Advanced Glycation End-products, AGEs, are a diverse collection of compounds that have been associated with endothelial dysfunction, cataracts, kidney disease, and atherosclerosis in both animal models and human studies. Not all involve glycation nor glucose, but the catch-all name has stuck.
There are a number of actively-held theories of aging, such as the idea that aging is the result of accumulated products of oxidative injury; a genetically pre-programmed script of declining hormones and other phenomena; genetic “mis-reading” that results in disordered gene expression, debris, and uncontrolled cell proliferation (e.g., cancer); among others.
One of the fascinating theories of aging is, cutely, the AGEing theory of aging, i.e., the accumulation of AGE debris in various tissues.
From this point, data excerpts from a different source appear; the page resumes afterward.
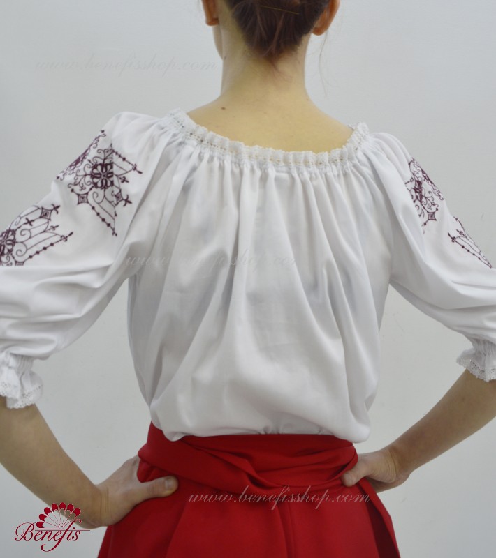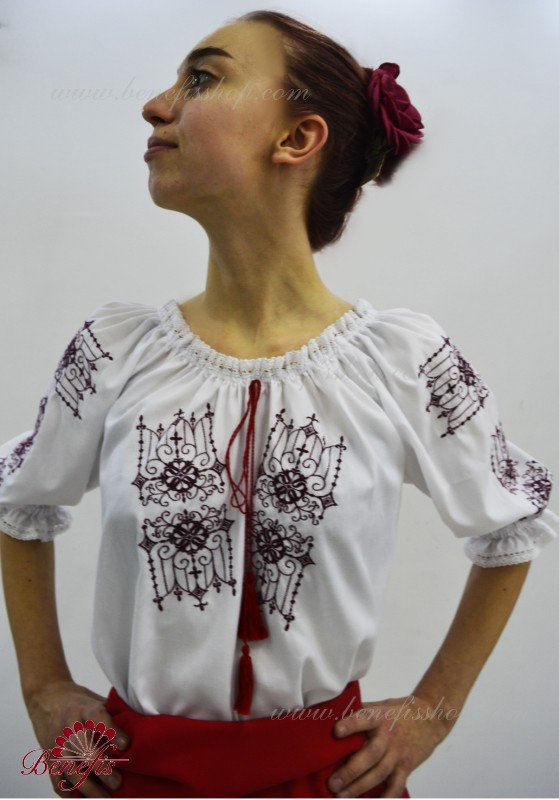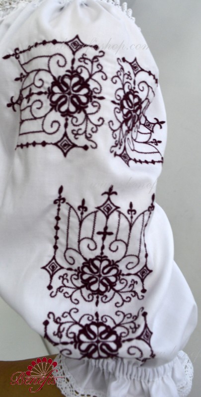 Bluza este confecționată din țesătură de cămașă. O bandă elastică este introdusă pe decolteu și mâneci și este decorată cu dantelă naturală. Broderia este realizată în stil național pe o mașină specială.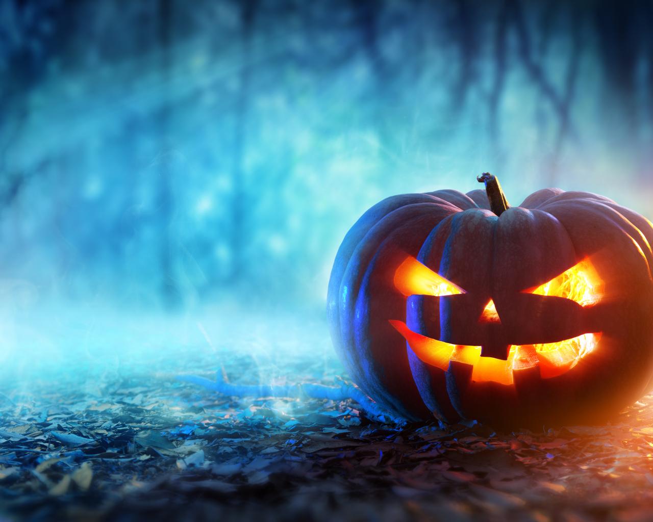 Обои Грозный фонарь тыква на листве на Хэллоуин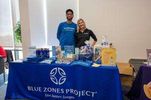 Blue Zones Project, Lehigh Valley, members Robert Almonte and Jennifer Mann, are available to describe the guiding principles of the project to visitors.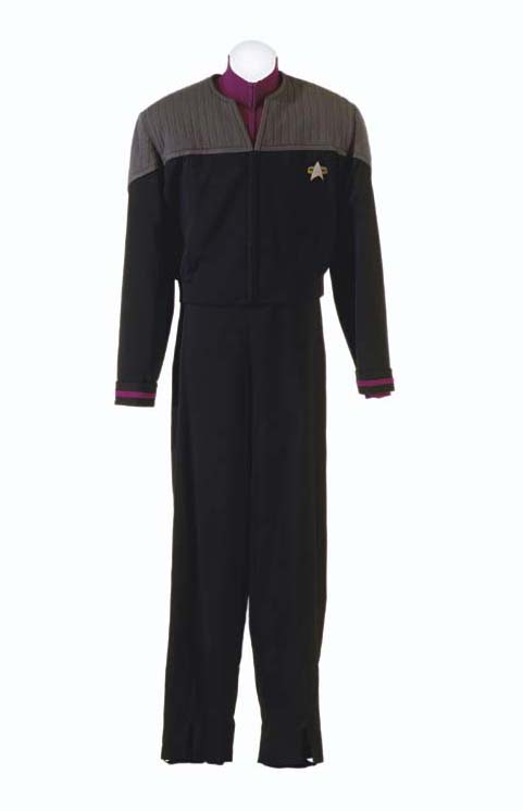 A black and grey late-season Starfleet uniform jacket, with Starfleet communicator badge, burgundy undershirt and corresponding black pants, pants with <I>Star Trek: The Next Generation</I> label inside inscribed <I>Avery Brooks</I>, shirt with <I>Deep Space Nine</I> label inside inscribed <I>Avery Brooks</I>; with corresponding wardrobe tag -- made for Avery Brooks as … |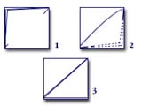 Оформление салфеток | Карманчик: Сложенную квадратом салфетку повернуть так, чтобы все открытые стороны были обращены налево (1). Верхние листики перегнуть по диагонали (2) и вложить вовнутрь (3). Эту форму можно использовать, чтобы вложить в салфетку любую открытку. |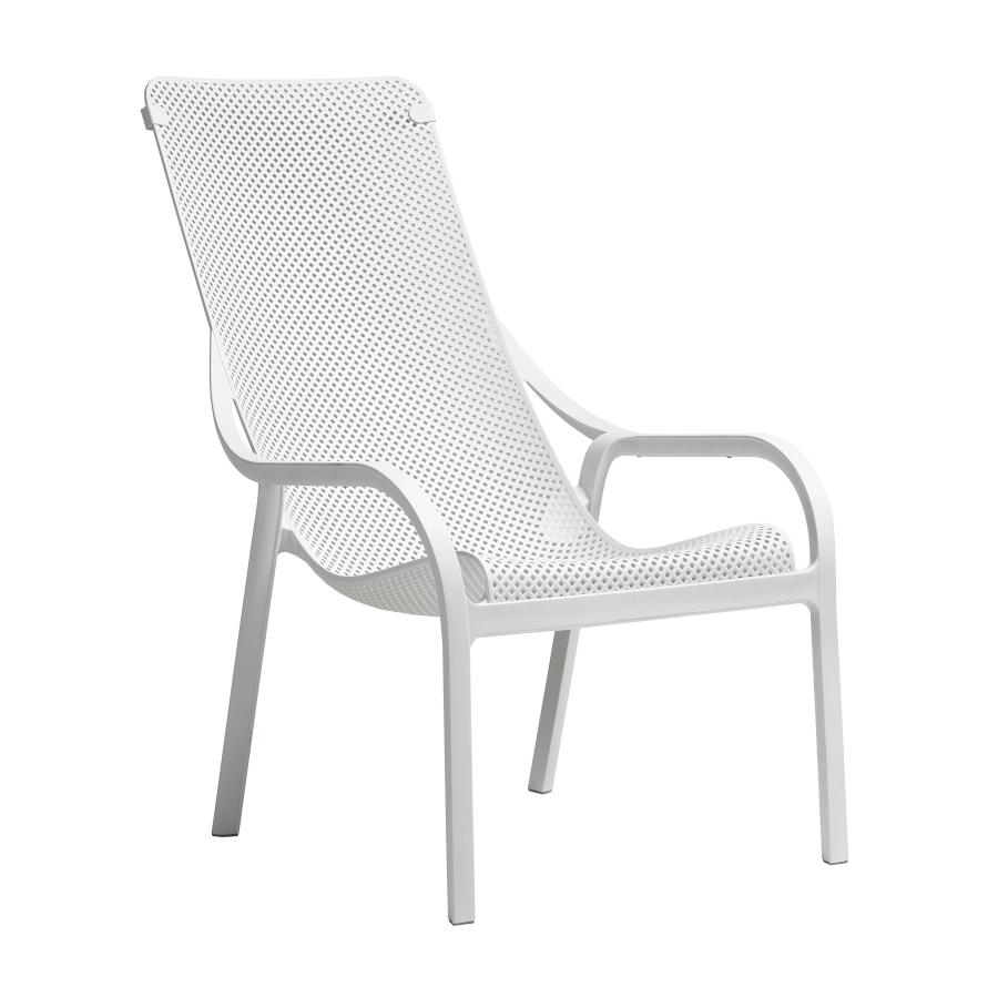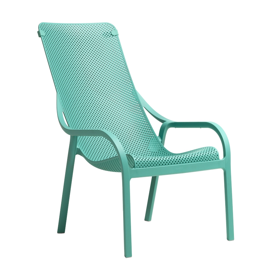 Net Lounge från Nardi har perforerad sittskal och finns i olika färger. En solstol och loungestol som passar vid flera olika utomhusmiljöer.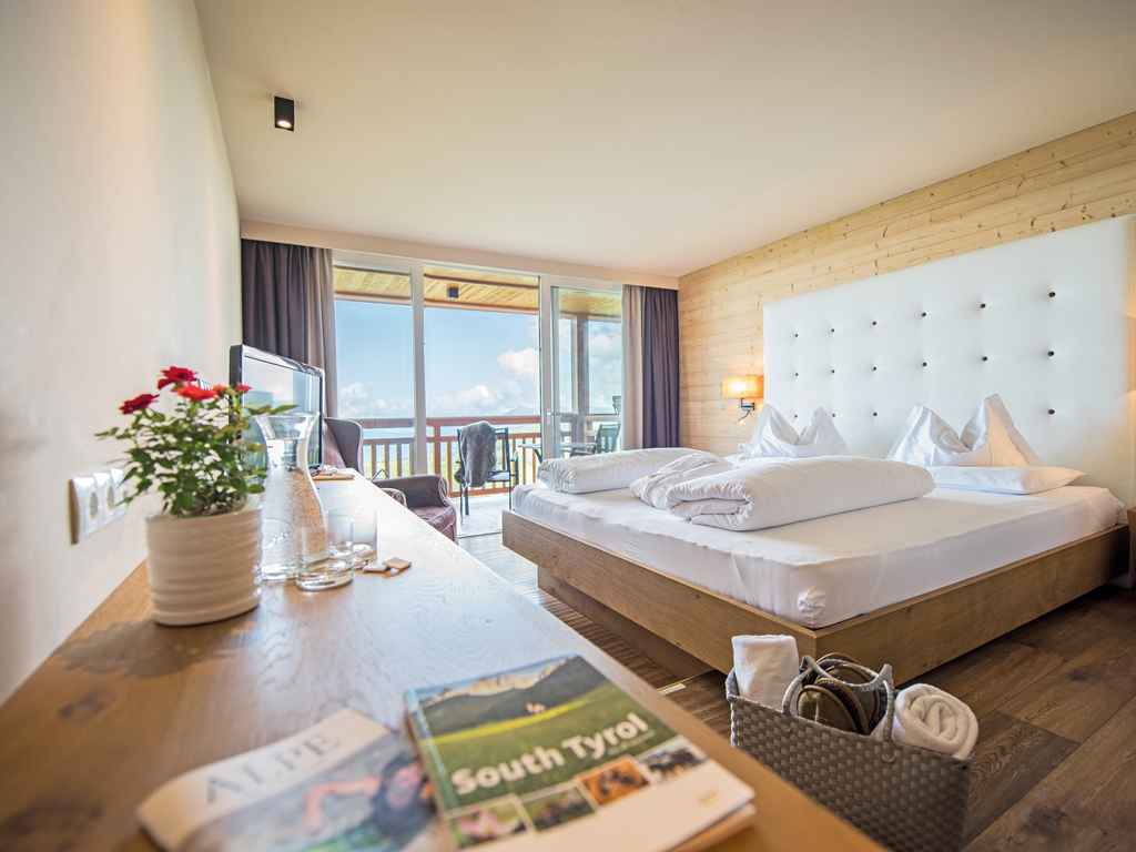 Doppelzimmer 27 m² aus edler Eiche mit Balkon zur Nordseite und Ausblick über die Seiser Alm und zu den Dolomitengipfeln.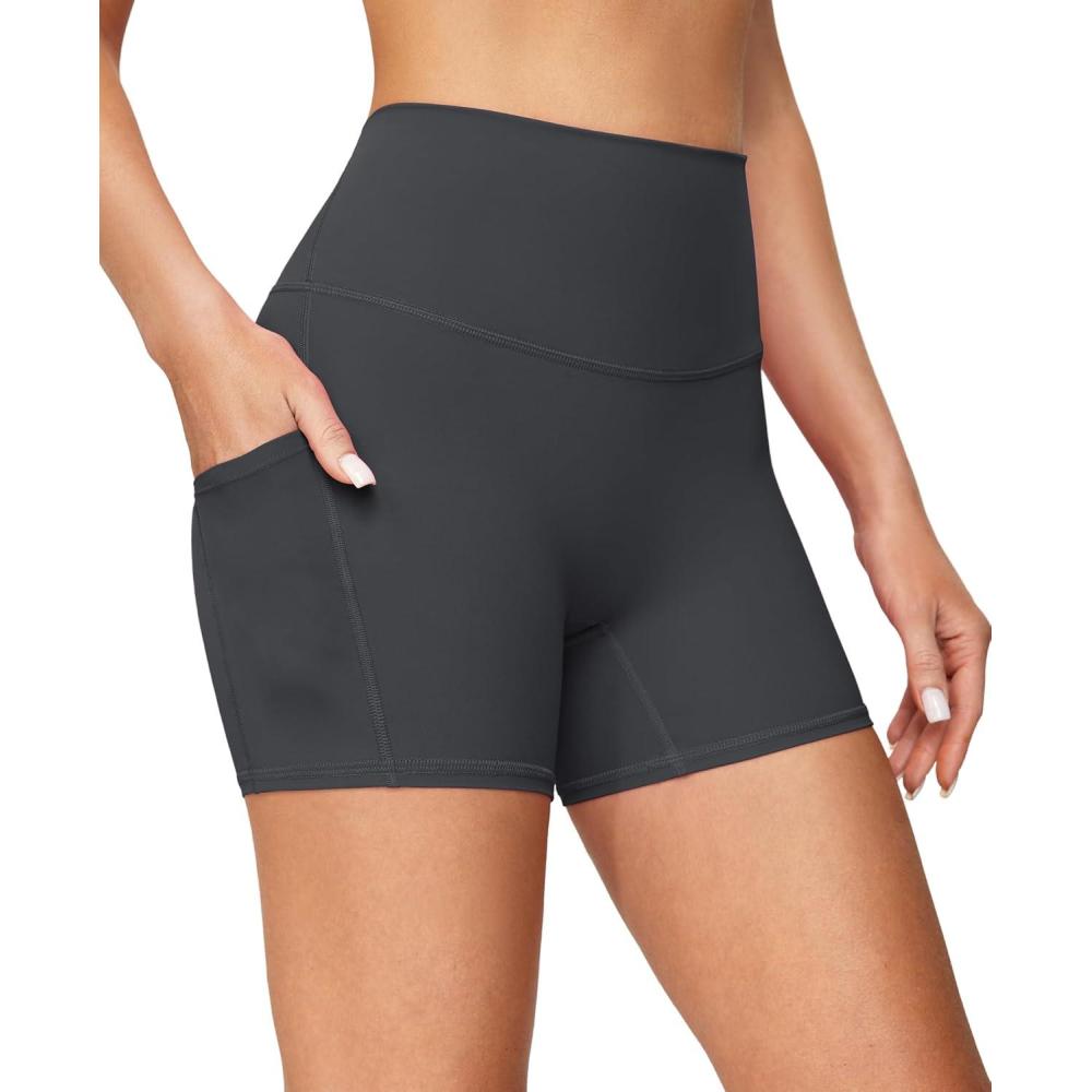 IUGA Biker Shorts Women with Pockets No Front Seam 4″ Yoga Spandex Shorts Women Workout Running High Waisted Tummy Control(Ink Grey)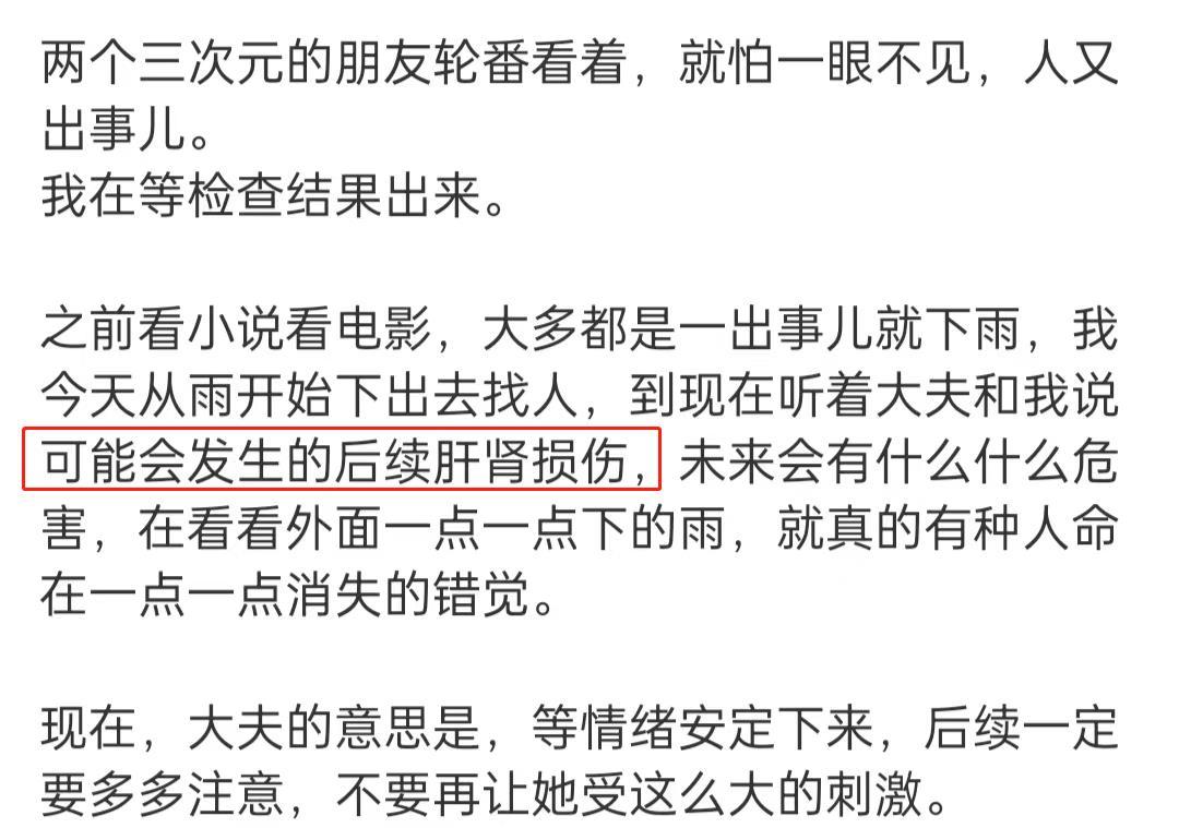 虽然事后洛拾意在朋友的劝慰和照顾下接受了治疗,目前已经脱离了生命危险,但她吃的两瓶药对身体伤害很大,可能会有后遗症,而且她现在的情绪非常不好,医生也强调一定不要再让她受刺激了。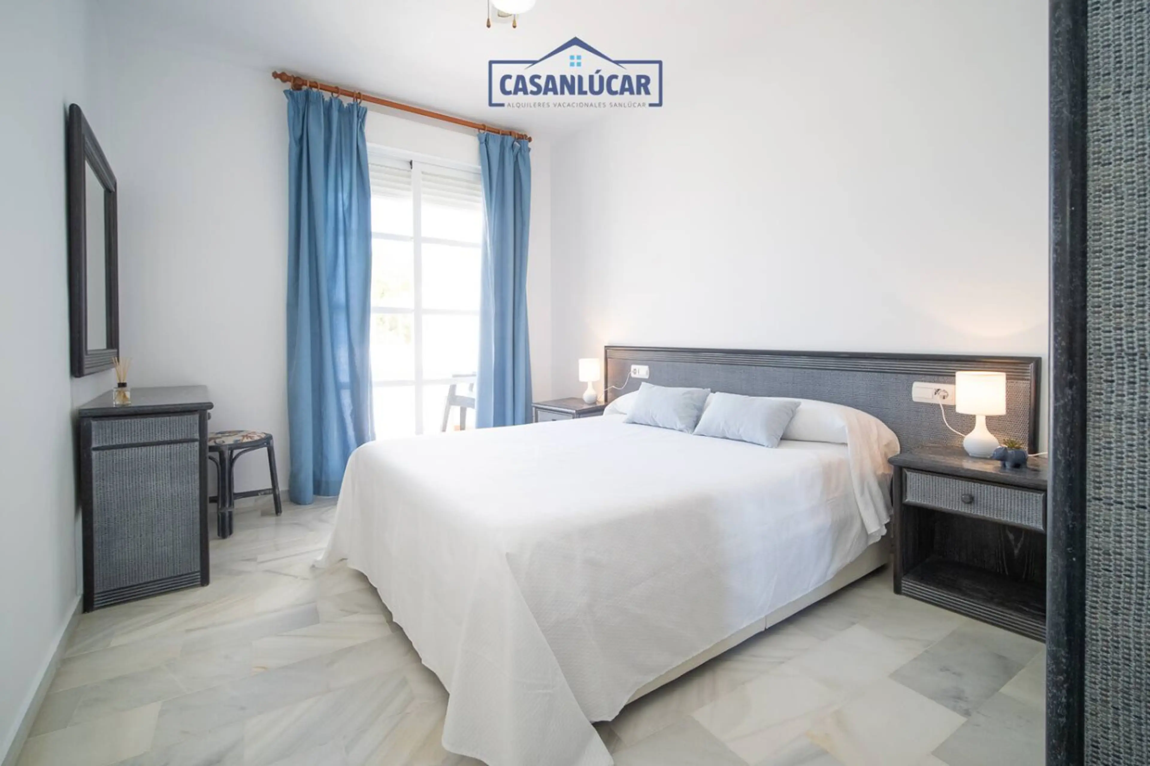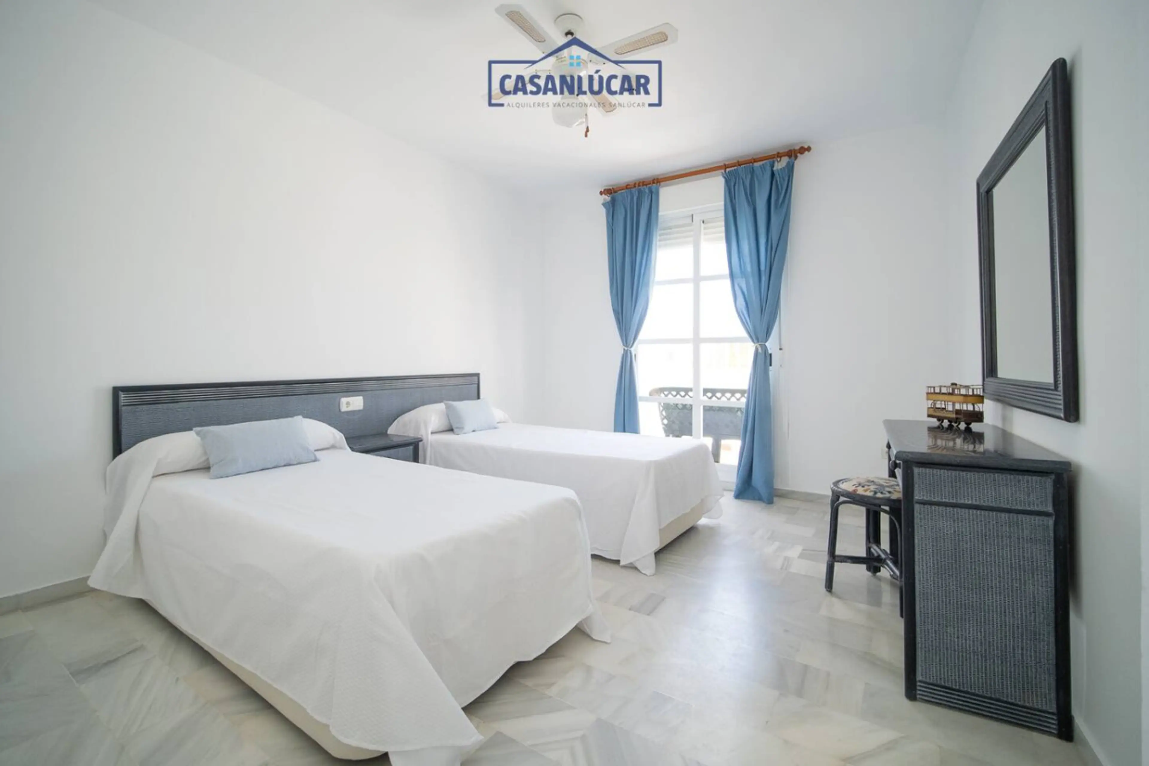 Apartamento a 200 metros de la playa. Este apartamento consta de dos dormitorios, uno con cama de matrimonio y otro con dos individuales. Con dos baños completos y una cocina completa, vitrocerámica, lavadora, microondas, abierta a un amplio salón-comedor. El apartamento dispone de todo lo necesario...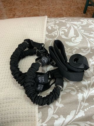 Kit de bandas elásticas para entrenamiento en casa. Incluye dos bandas con agarres y una correa para tobillo. - Bandas elásticas negras. - Indicación de peso: 75 LBS / 34 KG en cada banda. - Correa de tobillo ajustable.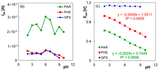 3.1. Electrochemical Behavior of PAR, PHE and GFS at PGE*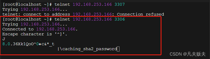 如果端口开放,将会显示连接成功的消息;如果端口关闭或被防火墙阻止,将会显示连接失败的消息。如图:3307端口是不通的,而3306端口是通的。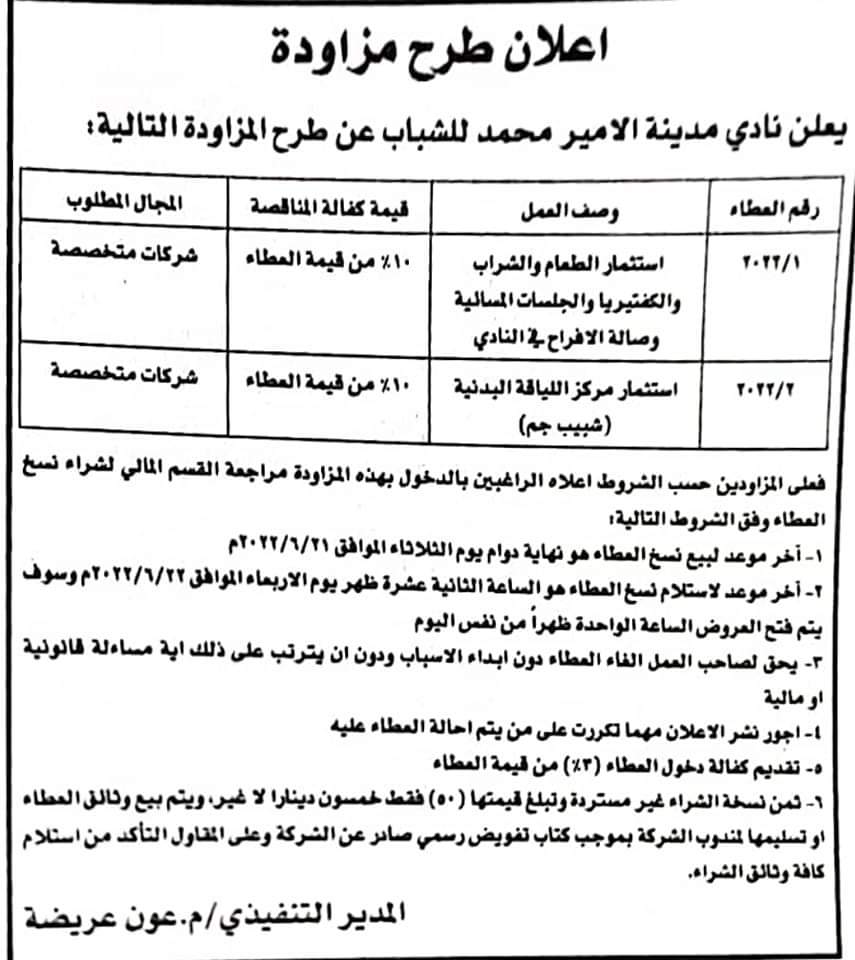 وتاليًا الاعلان الذي به كافة تفاصيل العطاء :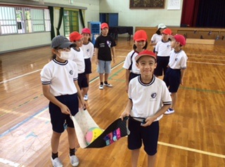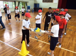 合同体育で、体づくり運動を行いました。今日はボール運び競争。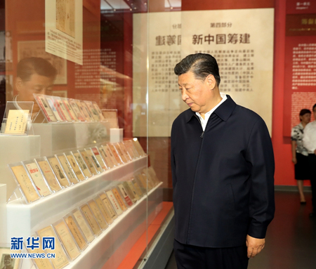9月12日,中共中央总书记、国家主席、中央军委主席习近平视察中共中央北京香山革命纪念地。这是习近平在香山革命纪念馆参观《为新中国奠基》主题展览。 新华社记者 黄敬文 摄

Such AGEs have been recovered in lenses from the eyes, atherosclerotic plaque in arteries, kidney and liver tissue, even brain tissue of people with Alzheimer’s dementia. AGEs perform no known useful physiologic function: They are relatively inert once formed (especially polymeric AGEs), they do not participate in communication, they make no contribution of significance. They simply gum up the works–debris. (AGEs are to health as the USDA food pyramid is to dietary advice: material for the junkyard.)
There are two general ways to develop AGEs:
1) Endogenous–High blood glucose (any blood sugar above 100 mg/dl) will permit glycation of the various proteins of the body. The higher the blood glucose, the more glycation will proceed. Glycation also occurs at low velocity at blood glucose levels below 100 mg/dl, though this would therefore represent the “normal,” expected rate of glycation. Endogenous glycation explains why people with diabetes appear to age and develop all the phenomena of aging faster than non-diabetics (kidney disease, eye diseases, atherosclerosis, dementia, etc.). Hemoglobin A1c, HbA1c, is a readily-obtainable blood test that can show how enthusiastically you have been glycating proteins (hemoglobin, in this case) over the last 2 to 3 months.
A low-carbohydrate diet is the nutritional path that limits endogenous glycation leading to AGE formation. Restricting the most obnoxious carbohydrates, the ones that increase blood sugar the most, such as wheat, cornstarch, rice starch, potato starch, tapioca starch, and sucrose, will limit endogenous AGE formation.
2) Exogenous–AGEs (here especially is where the “AGE” label is misleading, since many other reactions besides glycation lead to such compounds) are formed with cooking at high temperatures, especially meats and animal products. Therefore, a rare steak will have far less than a well-done steak. A thoroughly baked piece of salmon will have greater AGE content than sashimi.
The forms of cooking that increase AGE content the most: roasting,deep-frying, and barbecuing. Temperatures of 350 degrees Fahrenheit and greater increase AGE formation.
Therefore, cooking foods at lower temperature (e.g., baking, sauteeing, or boiling), eating meats rare whenever possible (not chicken or pork, of course), eating raw foods whenever possible (e.g., nuts) are all strategies that limit exogenous AGE exposure. And minimize or avoid butter use, if we are to believe the data that suggest that it contains the highest exogenous AGE content of any known food.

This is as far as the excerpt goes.